Estilos da vida
Você se lembra daqueles personagens de quadrinhos que são impiedosamente seguidos por uma nuvem preta, que é uma
espécie de guarda-chuva ao contrário? Eles não têm para onde fugir: deslocam-se, mas a chuva os persegue, mesmo debaixo
do teto de sua casa.
Claro, no outro extremo do leque há pessoas que são seguidas por um sol esplendoroso, mesmo quando estão no escuro
ou no meio de um desastre que deveria empalidecer a luz do dia (se ela tivesse vergonha na cara).
Em suma, cada um de nós parece estar sempre numa condição meteorológica que lhe é própria e não depende nem da
estação nem dos acontecimentos do momento.
Talvez sejamos um pouco mais livres para escolher o estilo da vida que levaremos, seja qual for nosso pano de fundo.
Geralmente, por estilo de vida, entende-se um modelo que a gente imita para construir uma identidade e propô-la aos
olhos dos outros. Mas o estilo da vida, que é o que me interessa hoje, é outra coisa: é a forma literária na qual cada um narra
sua própria vida, para si mesmo e para os outros. Um exemplo.

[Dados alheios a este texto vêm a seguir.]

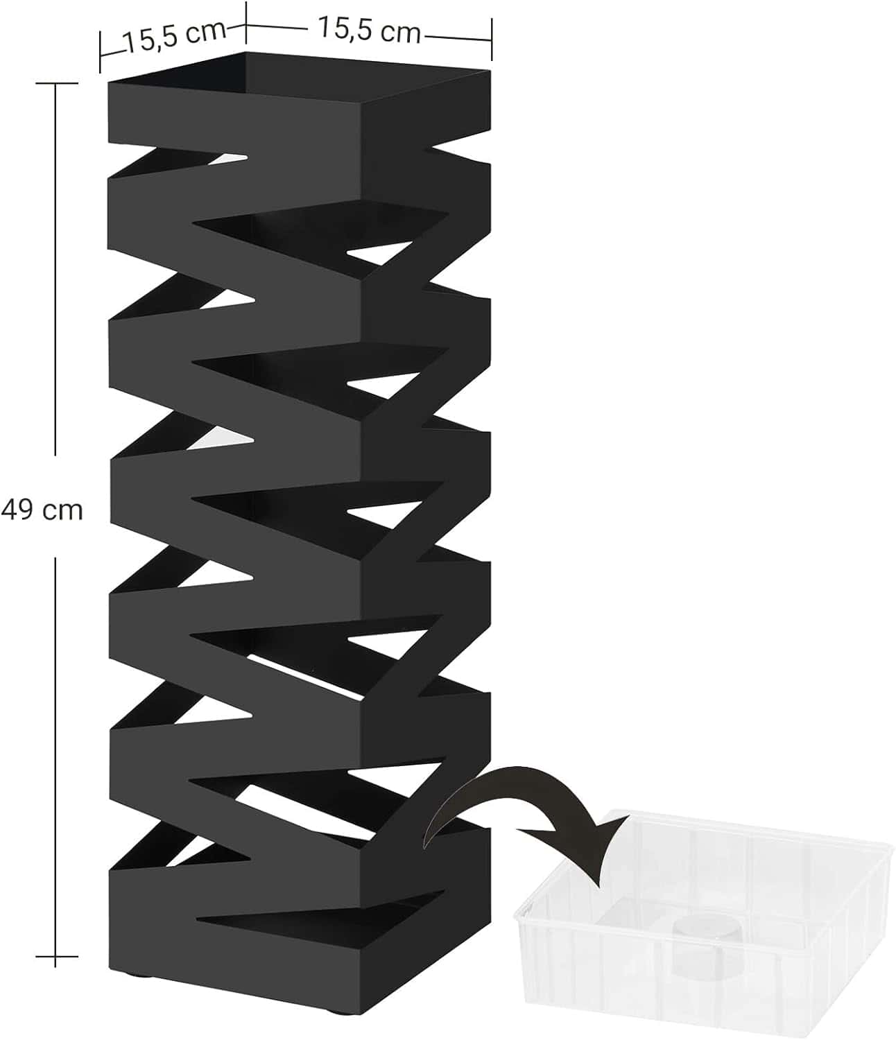 Suport metalic pentru umbrele, cu carlige si tava de picurare, 15x15x49cm, negru Mob360
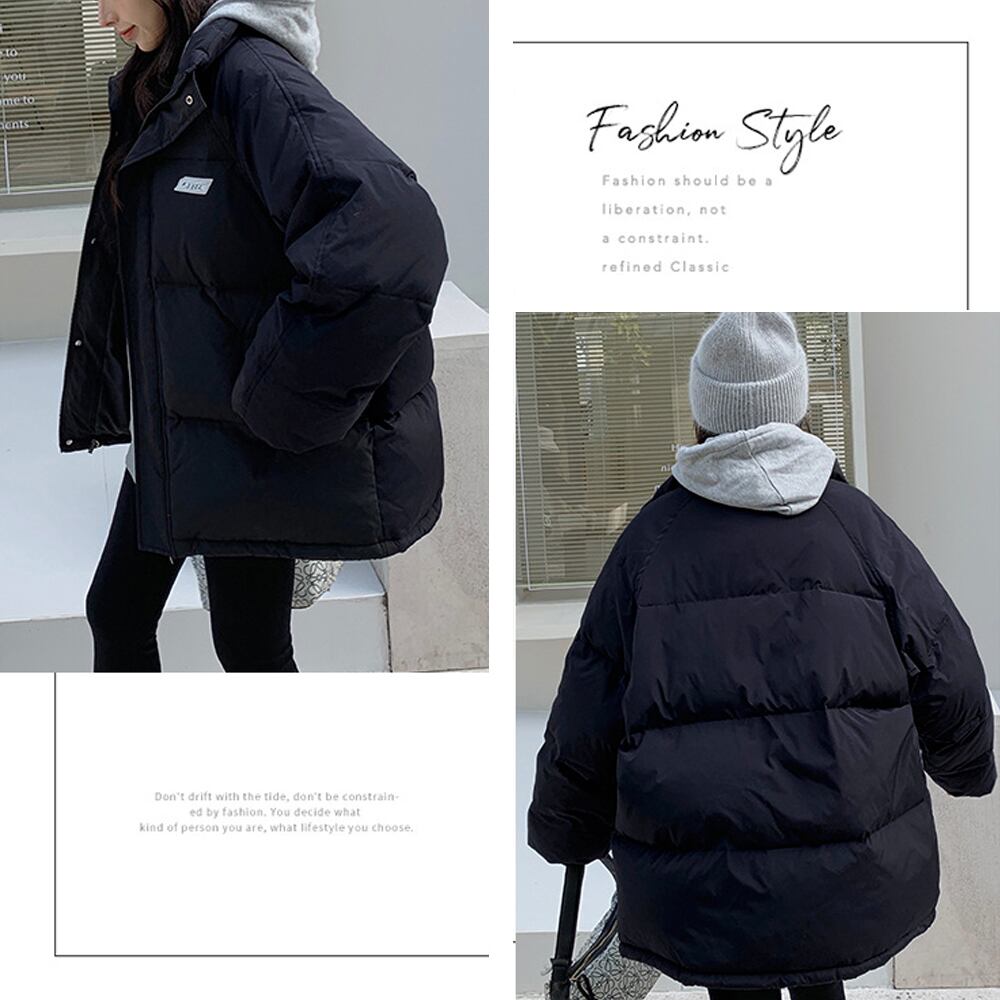 レディース スタンドネック フェイクダウンコート ロゴ付きあったかいアウター カジュアル ブルゾン 体型カバージャンパー

Acabo de ler (e continuarei relendo por um bom tempo) “The Book of Dreams” (O Livro dos Sonhos), de Federico Fellini
(ed. Rizzoli). São mais de 400 páginas, em grande formato, que reproduzem fotograficamente os cadernos nos quais o diretor
italiano registrou seus sonhos, em palavras e desenhos.
Vários amigos que me viram ler o livro me perguntaram se, então, os sonhos de Fellini serviam de material para seus
filmes. A questão não cabe. O que o livro revela é que, para Fellini, o sonho era, por assim dizer, o gênero literário no qual ele
vivia (e, portanto, contava) sua vida – nos cadernos da mesa de cabeceira, nos filmes e no dia a dia.
Cuidado. Fellini não especulava nem um pouco sobre, sei lá, a “precariedade” de nossa percepção, que pode confundir
sonho com realidade. Ele nunca se perguntava se o que estava vivendo era sonho ou realidade, porque, para ele, o sonho era,
propriamente, o estilo da realidade.
Esse estilo era o que fazia com que seu olhar estivesse constantemente maravilhado ou atônito: graças a esse estilo, ele
atravessava (e contava) a vida como “um mistério entre mistérios” (palavras dele).
Pois bem, nós todos adotamos ou inventamos um estilo singular para a história de nossa vida – é o estilo graças ao qual
nossa vida se transforma numa história.
Cada um escolhe, provavelmente, o estilo narrativo que torna sua vida mais digna de ser vivida (e contada). Há estilos
meditativos, investigativos, introspectivos, paranoicos ou, como no caso de Fellini, oníricos e mágicos.
Quanto a mim, o estilo narrativo da minha vida é, sem dúvida, a aventura. Não só pelos livros que me seduziram na infância
(“Coração das Trevas”, de Conrad, seria o primeiro da lista). Mas porque a narrativa aventurosa sempre foi o que fez que minha
vida valesse a pena, ou seja, não fosse chata, mesmo quando tinha toda razão para ser.
Quando meu filho, aos quatro ou cinco anos, parecia se entediar, eu sempre recorria a um truque, que ele reconhecia
como truque, mas que funcionava. Eu me calava e me imobilizava de repente, como se estivesse ouvindo um barulho suspeito
e inquietante; logo eu sussurrava: “Atenção! Os piratas!”.
Nem ele nem eu acreditávamos na chegada dos piratas, mas ambos achávamos que a vida merecia um pouco de suspense.
(CALLIGARIS, Contardo. Folha de S. Paulo. Em: abril de 2001. Adaptado.)